▸ TASK: The entries below are to be transcribed in full, without their images.

▸ RECORDS PROVIDED:
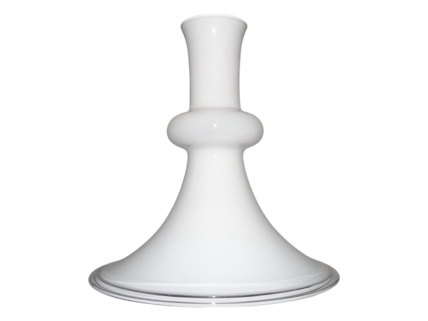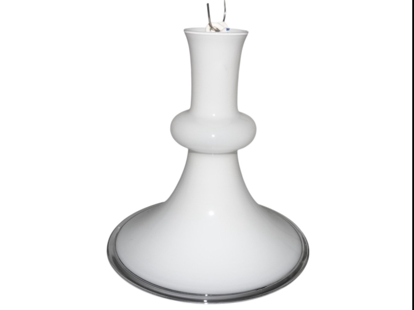 Beskrivelse: Holmegaard / Royal Copenhagen, Etude pendel i hvidt glas med den yderste kant med klart glas.
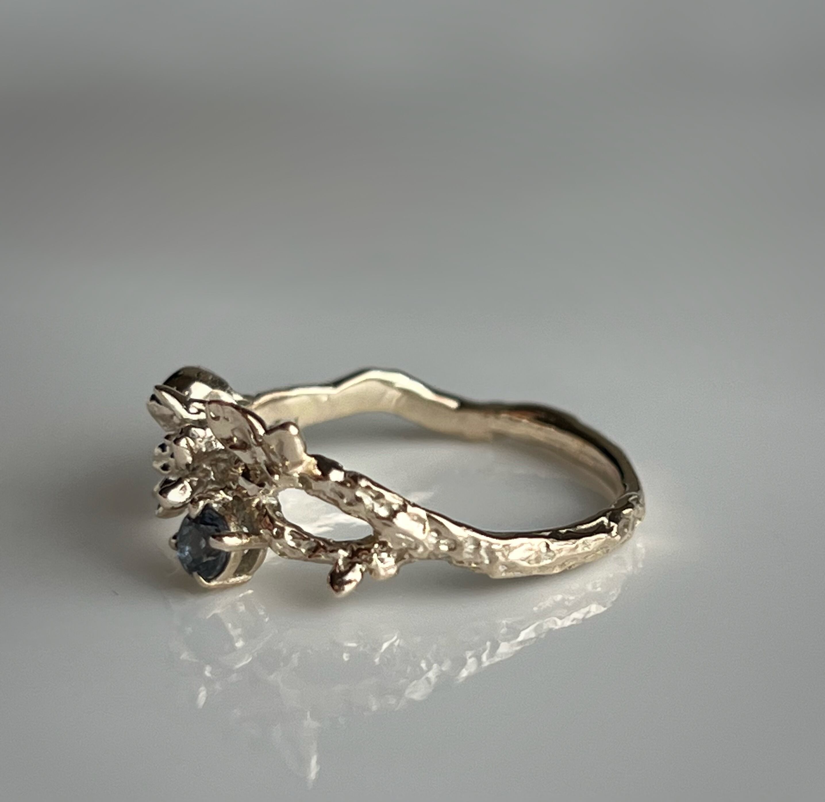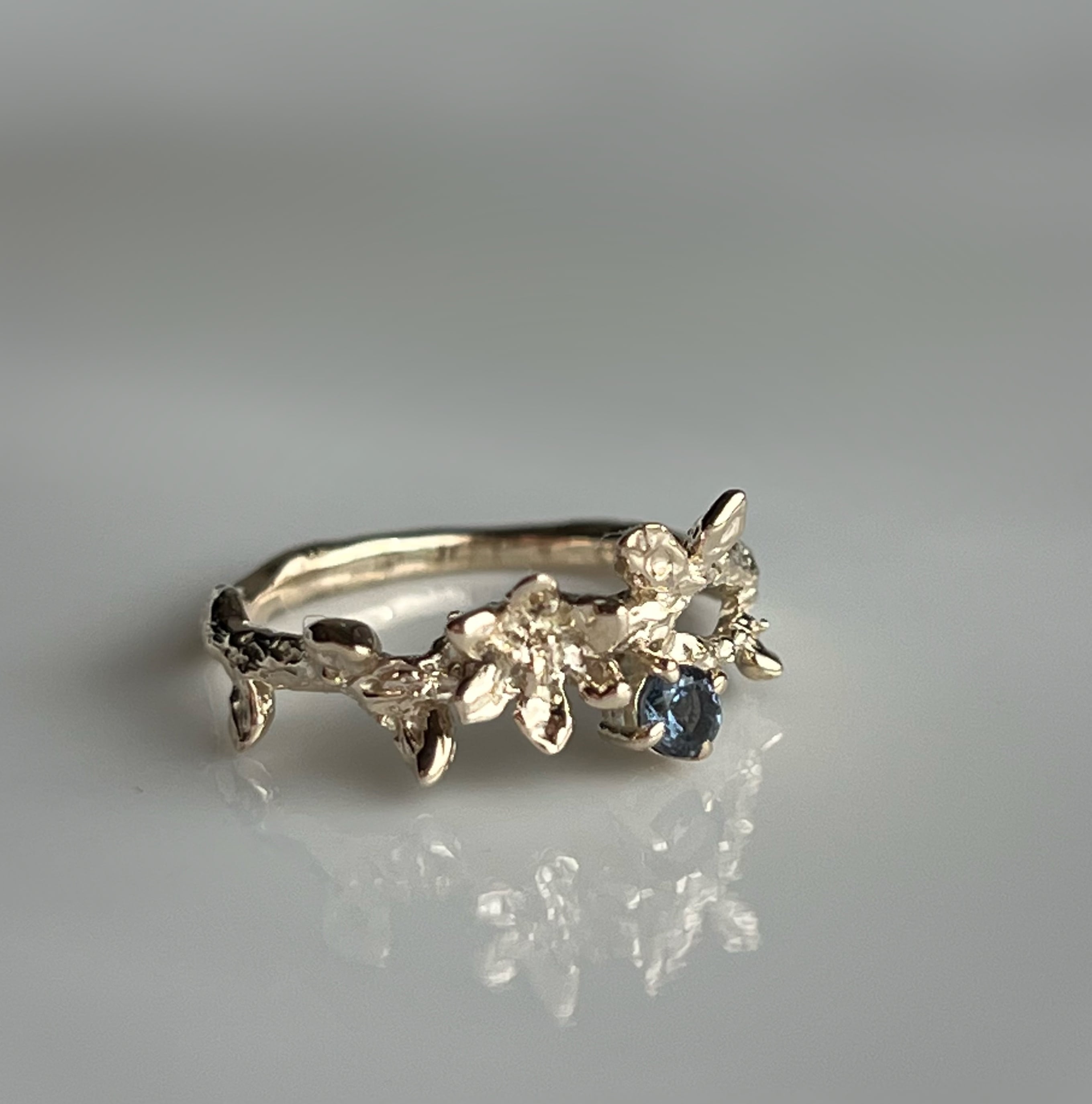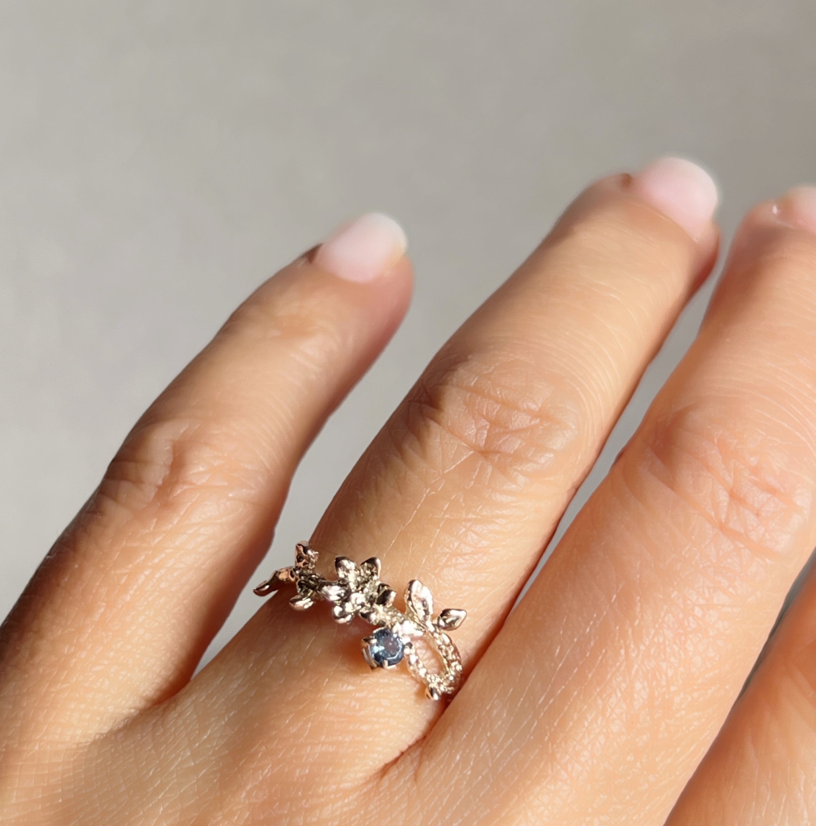小さなお花が咲くリングにブルーのスピネルを添え、k10で1点もののリングにお仕立てしました。
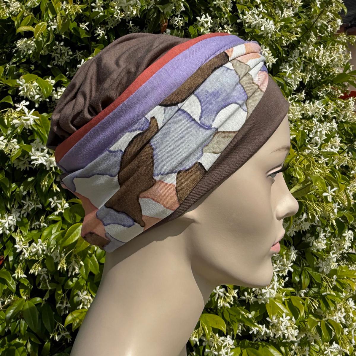 Bonnet uni et bandeau multicolore en viscose de bambou.
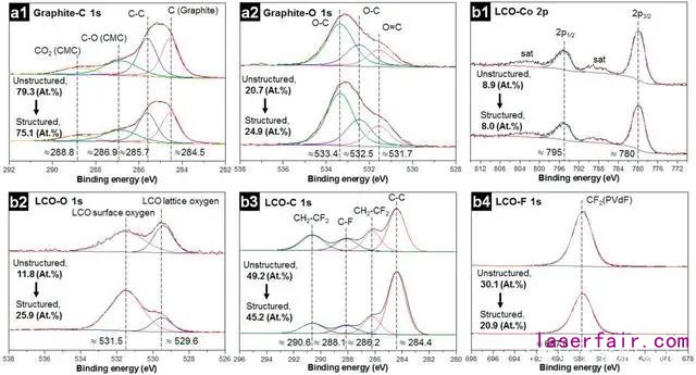 未成型和激光成型的石墨和LCO電極顯示類似的XPS光譜。對于石墨電池,C1s(石墨在284.5eV左右,CMC在288.8eV左右,見圖2(a1))降低歸因于激光燒蝕導(dǎo)致的部分粘結(jié)劑和活性材料去除。O 1s光譜也發(fā)生輕微變化,歸因于激光成型過程中電極表面發(fā)生氧化。盡管由于激光燒蝕導(dǎo)致C 1s和O 1s的原子百分比發(fā)生輕微變化,但是并沒有因為激光成型導(dǎo)致新峰出現(xiàn)。對于LCO電極,未成型和激光成型樣品的Co 2p光譜(在大約780eV的Co 2p3/2峰以及接近+10eV的衛(wèi)星峰)沒有區(qū)別。
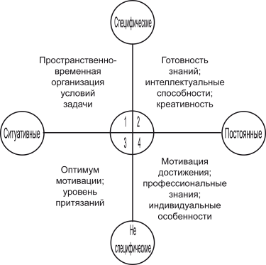 Построим простейшую схему факторов, влияющих на успешность решения задач. Два основания. Первое – специфические, неспецифические факторы. Второе – ситуативные факторы имеют место только при решении задачи, постоянные например индивидуальные свойства субъекта, существующие и помимо самого процесса, но участвующие в нём.
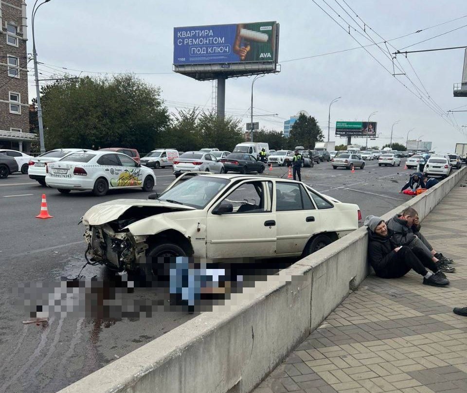 В результате мощного удара несколько пассажиров выбросило из салонов машин прямо на дорогу.
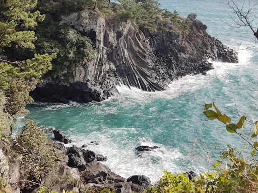 則評價柱狀節理帶位於位於濟州島西歸浦市的中文洞到大浦洞之間的海岸上,是漢拏山噴出的熔岩流入中文地區前海時冷卻形成,由大小不一的四方或六角成的石柱組成。走到懸崖邊,就可以看到佇立在海中的柱狀節理帶,清澈的海水拍打在排列整齊的石柱上,翻起白色的浪花。

▸ WRITTEN SOLUTION:
 Beskrivelse: Holmegaard / Royal Copenhagen, Etude pendel i hvidt glas med den yderste kant med klart glas.
小さなお花が咲くリングにブルーのスピネルを添え、k10で1点もののリングにお仕立てしました。
 Bonnet uni et bandeau multicolore en viscose de bambou.
 未成型和激光成型的石墨和LCO電極顯示類似的XPS光譜。對于石墨電池,C1s(石墨在284.5eV左右,CMC在288.8eV左右,見圖2(a1))降低歸因于激光燒蝕導(dǎo)致的部分粘結(jié)劑和活性材料去除。O 1s光譜也發(fā)生輕微變化,歸因于激光成型過程中電極表面發(fā)生氧化。盡管由于激光燒蝕導(dǎo)致C 1s和O 1s的原子百分比發(fā)生輕微變化,但是并沒有因為激光成型導(dǎo)致新峰出現(xiàn)。對于LCO電極,未成型和激光成型樣品的Co 2p光譜(在大約780eV的Co 2p3/2峰以及接近+10eV的衛(wèi)星峰)沒有區(qū)別。
 Построим простейшую схему факторов, влияющих на успешность решения задач. Два основания. Первое – специфические, неспецифические факторы. Второе – ситуативные факторы имеют место только при решении задачи, постоянные например индивидуальные свойства субъекта, существующие и помимо самого процесса, но участвующие в нём.
 В результате мощного удара несколько пассажиров выбросило из салонов машин прямо на дорогу.
 則評價柱狀節理帶位於位於濟州島西歸浦市的中文洞到大浦洞之間的海岸上,是漢拏山噴出的熔岩流入中文地區前海時冷卻形成,由大小不一的四方或六角成的石柱組成。走到懸崖邊,就可以看到佇立在海中的柱狀節理帶,清澈的海水拍打在排列整齊的石柱上,翻起白色的浪花。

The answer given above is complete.